By MADOLINE MARKHAM
The community garden at Mountain Brook Presbyterian Garden isn’t just a church project. It’s feeding the Birmingham community.
“We’re sending good vegetables to people who might not otherwise get fresh vegetables” church member Danny Evans said. “It’s easier when you think someone is going to get to eat today because of this.”
They harvested more than 5,000 pounds of vegetables last year for the hungry in Birmingham and anticipate even more this year. Evans and his wife, Alexandria Parrish, were instrumental in starting the garden three years ago.
Volunteers at the garden will be harvesting tomatoes, beans and other produce most of July. Laura Dooley, the new master gardener, is on-site four days a week, and is available to help those who don’t have much experience.
“Picking is fairly easy for everyone,” Dooley said. “Children can help if a parent will do it with them, and we’ll show you what to pick and how.

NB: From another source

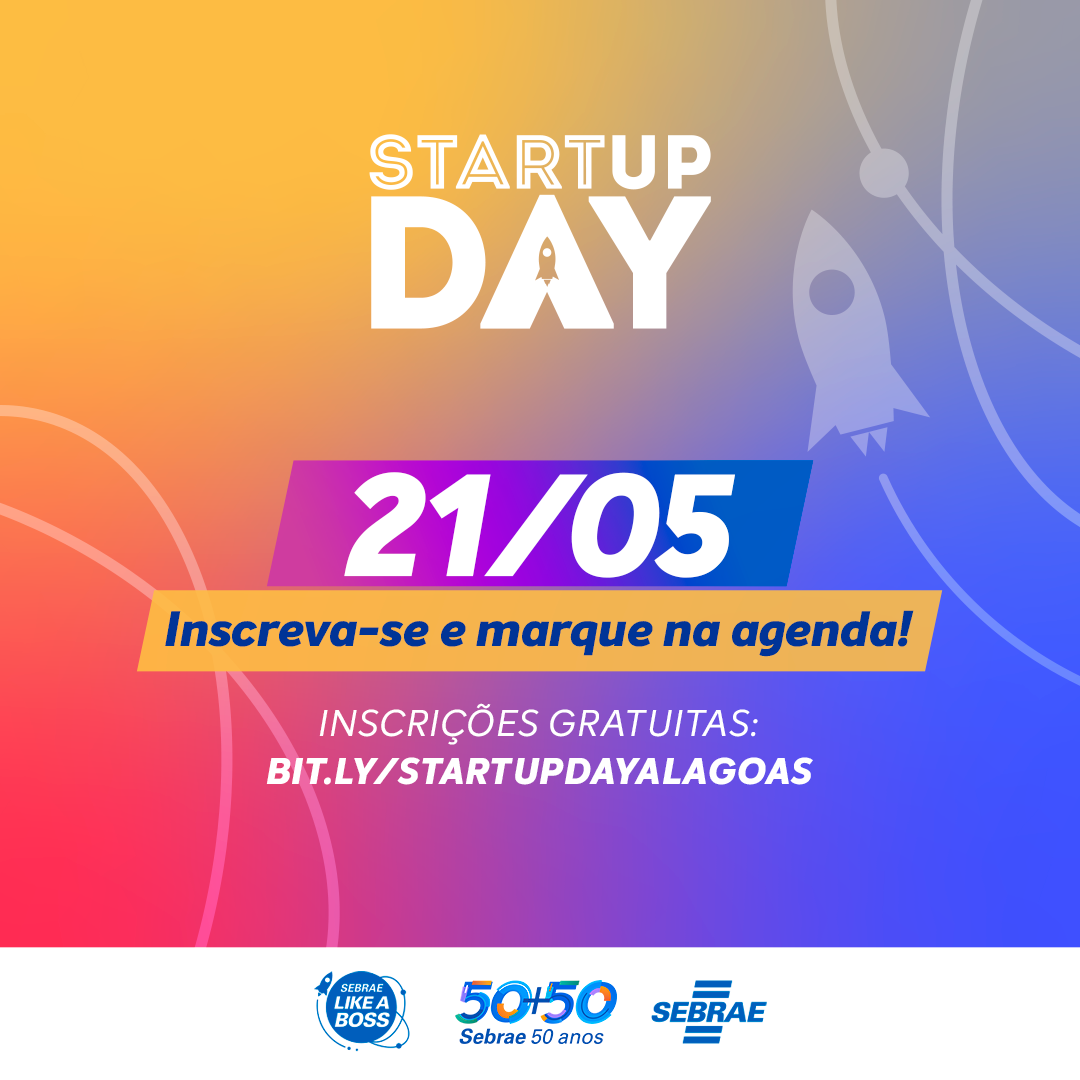 O Sebrae Alagoas realiza, no próximo sábado, dia 21, a edição 2022 do Sebrae Startup Day. Das 8h às 18h, em sua sede, haverá palestras, painéis, seminários, mentoria, exposição digital e espaço metaverso. O evento tem como público empreendedores de startups que estão em todos os momentos de maturidade: curiosidade, ideação, operação e crescimento. A inscrição é gratuita e deve ser feita pelo endereço eletrônico bit.ly/startupdayalagoas .

It’s educational for young people to learn where their food comes from.”
“Come one time and give it a try,” Dooley said, “You might get bit by the gardening bug and find you love it.”
The garden grows mostly vegetables like sweet potatoes, beans, peas, tomatoes, squash that most people know how to cook.
One day three years ago Evans and Pastor Cary Speaker were standing in the church’s Fellowship Hall looking out the back window on the church’s 10-acre campus on Brookwood Road.
“We ought to do something with all that land,” Speaker said.
“We should start a garden,” Evans said.
And that’s just what they did.
“Danny is a ‘let’s do it now’ kind of guy,” Speaker said. He used his a tractor to plow the land and ended up finding good soil ripe for planting. All it needed was for someone to just put seeds in the ground.
Edwin Marty, Director of Jones Valley Urban Farms, and Paulette Van Matra, director of Magic City Harvest, helped them get started gardening. Van Matra now picks up their produce two to three times a week. Her organization redistributes food from grocery stores, conventions and wedding receptions that would otherwise be wasted to 20 shelters a day.
“It is a great opportunity to team up with Magic City Harvest to feed hungry people,” Speaker said.
The church got behind the area and helped plot off a fenced-in area. People, many who had never gardened, started coming out to plant and harvest.
“Those weeds don’t get pulled by themselves,” Speaker said.
“You get dirty and sweaty, but it’s rewarding,” Evans said. “You can plant beans on Saturday, and by Tuesday they are coming out of the ground.”
“I had never taken the time to do it until we did it at the church,” Speaker said. “The experience of planting, watching something grow and harvesting has been on the parallel and seeing the things I’ve read in the Bible my whole life.”
They traditionally plant the first seeds on Good Friday and harvest until first frost in the fall.
Concern for the hungry has become integral to the church’s mission. They brought in speakers from hunger-related organizations at a recent church picnic and showed a movie on dumpster diving called Dive to raise awareness.
Evans and Speaker both encourage anyone in the community—regardless of their faith affiliation or gardening experience—to come out to help garden. They are always looking for more manpower to plant and harvest.
“It’s hard to mess up,” Evans said. “You should give it a try even if you don’t think you have a green thumb.”
For questions about gardening, call Dooley at 563-6145 or email email@example.com. She is at the garden Mondays, Wednesdays, Thursdays and Saturdays, 8:30-11:30 a.m. Dooley has gardening tools and sunscreen for volunteers and recommends they wear comfortable closed-toe shoes, hats and, if you like, gardening gloves. Larger groups interested in helping can contact Danny Evans at 382-0094.
If Dooley isn’t there, you can bring your own tools and work any time. Look for the task sheet on the bulletin board at any time and write down name and what you complete.